# shapeable foam



## drifter (Jun 2, 2006)

hey to everybody, i'm from romania in europe. i hope you can help me with something:
is there any kind of foam, that i can use to do my dash, and door panels out of. i need something that i can shape,trim and paint afterwards. i don't want to use fiberglass. i need something pretty tough and light.
can anyone help me with this?
thx


----------



## AndrewH (Dec 12, 2002)

nothing that will last very long.


----------



## enough_talkin (Aug 25, 2003)

2 part surfboard foam......you cut/sand it to shape.....gotta use a type of epoxy over it to seal it properly before paint and prime....sand slowly on it...it gets eaten down fast


fiberglass can be used to seal some but you have to make sure before using it because if the type you get cant handle fiberglass you just wasted alot of time and money


----------



## dken (Nov 11, 2005)

surfboard foam ehh... good idea


----------



## enough_talkin (Aug 25, 2003)

> _Originally posted by dken_@Jun 9 2006, 03:53 PM~5581168
> *surfboard foam ehh... good idea
> *


its not an idea its what you use.....i dont give out answers i know nothing about...
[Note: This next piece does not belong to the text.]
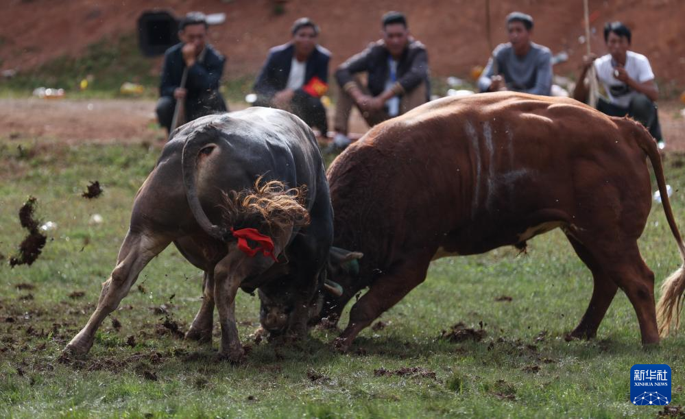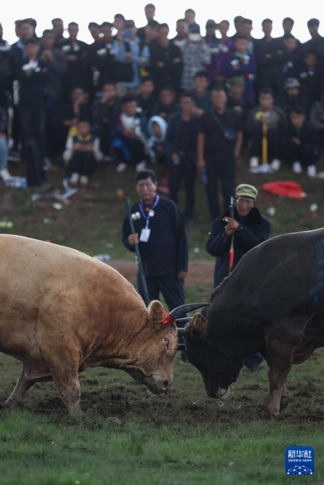 斗牛,彝语意为“牛顶”,与西班牙斗牛人与牛斗不同,是两匹公牛之间相斗。比赛时参赛的公牛被牵到一起进行顶力和耐力较量,直至一方体力不支夺路而逃。胜者高昂着头,牛的主人也高兴不已,败方则垂头丧气,现场时时引发观众欢呼。

upholstery is my bread and butter


----------



## dken (Nov 11, 2005)

too bad your probably no where near me... i need something new in the caddy


----------



## japSW20 (Jan 13, 2005)

> _Originally posted by enough_talkin_@Jun 9 2006, 01:57 PM~5581190
> *its not an idea its what you use.....i dont give out answers i know nothing about...
> 
> upholstery is my bread and butter
> *


never heard of that surfboard foam trick..where can you get some of this?


----------



## enough_talkin (Aug 25, 2003)

http://www.acp-composites.com/acp-sf.htm

you can search it out cheaper at other places....im not sure...this is the strongest foam you will touch basically...its hard and you must use this as a shapable base only....
you dont apply this stuff like you may think.....you glue it on in the shape you need and then shape it.....kinda like building something with lego's....prefab with alot of jigsaw......dont sand too hard.....

spyderfoam


----------



## japSW20 (Jan 13, 2005)

> _Originally posted by enough_talkin_@Jun 11 2006, 08:09 PM~5591531
> *http://www.acp-composites.com/acp-sf.htm
> 
> you can search it out cheaper at other places....im not sure...this is the strongest foam you will touch basically...its hard and you must use this as a shapable base only....
> ...


thanks.i need it to smooth out some rough and wavy fiberglass piece i made :biggrin:


----------



## enough_talkin (Aug 25, 2003)

> _Originally posted by japSW20_@Jun 11 2006, 10:59 PM~5591830
> *thanks.i need it to smooth out some rough and wavy fiberglass piece i made :biggrin:
> *


i dont think this will help...this stuff works best how i mentioned above.....flat panel board and build it out shaping and glueing as you go...you just need to learn to fiberglass a little better and youll have a much easier time....takes practice bro


----------



## japSW20 (Jan 13, 2005)

> _Originally posted by enough_talkin_@Jun 11 2006, 09:13 PM~5591944
> *i dont think this will help...this stuff works best how i mentioned above.....flat panel board and build it out shaping and glueing as you go...you just need to learn to fiberglass a little better and youll have a much easier time....takes practice bro
> *


eh thanks...im not trying to smooth it out,just tryin to make it as smooth as i can so i could wrap it in vinyl..i guess regular foam pade over it will work


----------



## enough_talkin (Aug 25, 2003)

> _Originally posted by japSW20_@Jun 11 2006, 11:16 PM~5591967
> *eh thanks...im not trying to smooth it out,just tryin to make it as smooth as i can so i could wrap it in vinyl..i guess regular foam pade over it will work
> *


you gotta use regular foam with this stuff anyways because its pretty hard stuff...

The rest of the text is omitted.